ASSIGNMENT: Please return only the lines from the one with "弁財天の懐中仏。厨子はありま" through the final line of the data, unchanged, with pictures omitted.

RAW DATA:
===

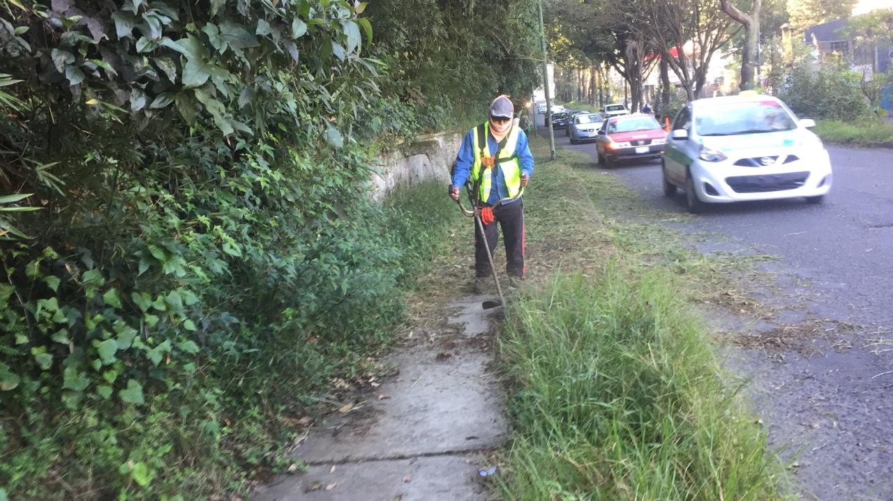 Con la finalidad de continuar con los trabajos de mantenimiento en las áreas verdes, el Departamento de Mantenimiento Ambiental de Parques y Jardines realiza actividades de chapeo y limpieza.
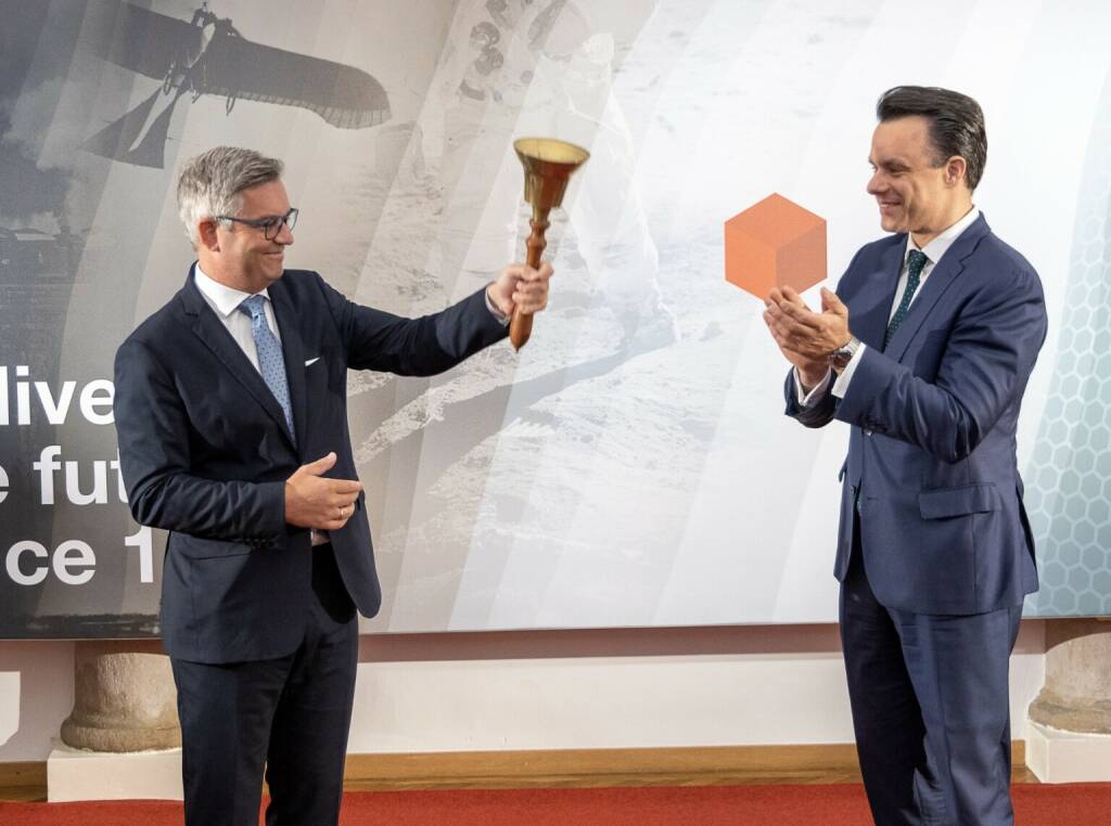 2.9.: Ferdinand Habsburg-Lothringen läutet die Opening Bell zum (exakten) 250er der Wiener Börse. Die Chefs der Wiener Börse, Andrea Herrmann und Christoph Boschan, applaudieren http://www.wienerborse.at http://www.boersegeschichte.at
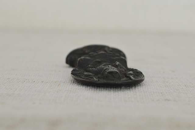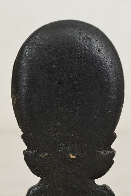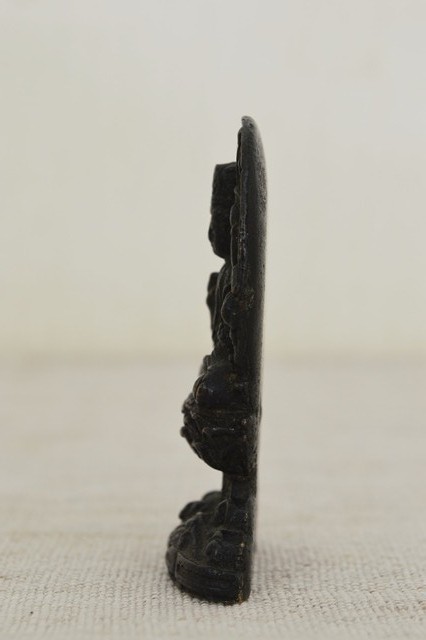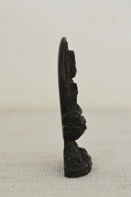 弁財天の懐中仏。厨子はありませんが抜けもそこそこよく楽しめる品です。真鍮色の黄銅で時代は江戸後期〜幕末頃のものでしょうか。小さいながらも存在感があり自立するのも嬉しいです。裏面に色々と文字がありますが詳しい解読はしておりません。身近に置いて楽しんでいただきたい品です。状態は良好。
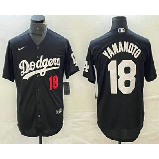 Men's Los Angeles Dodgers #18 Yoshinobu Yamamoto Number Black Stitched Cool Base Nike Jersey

===

TASK OUTPUT:
 弁財天の懐中仏。厨子はありませんが抜けもそこそこよく楽しめる品です。真鍮色の黄銅で時代は江戸後期〜幕末頃のものでしょうか。小さいながらも存在感があり自立するのも嬉しいです。裏面に色々と文字がありますが詳しい解読はしておりません。身近に置いて楽しんでいただきたい品です。状態は良好。
 Men's Los Angeles Dodgers #18 Yoshinobu Yamamoto Number Black Stitched Cool Base Nike Jersey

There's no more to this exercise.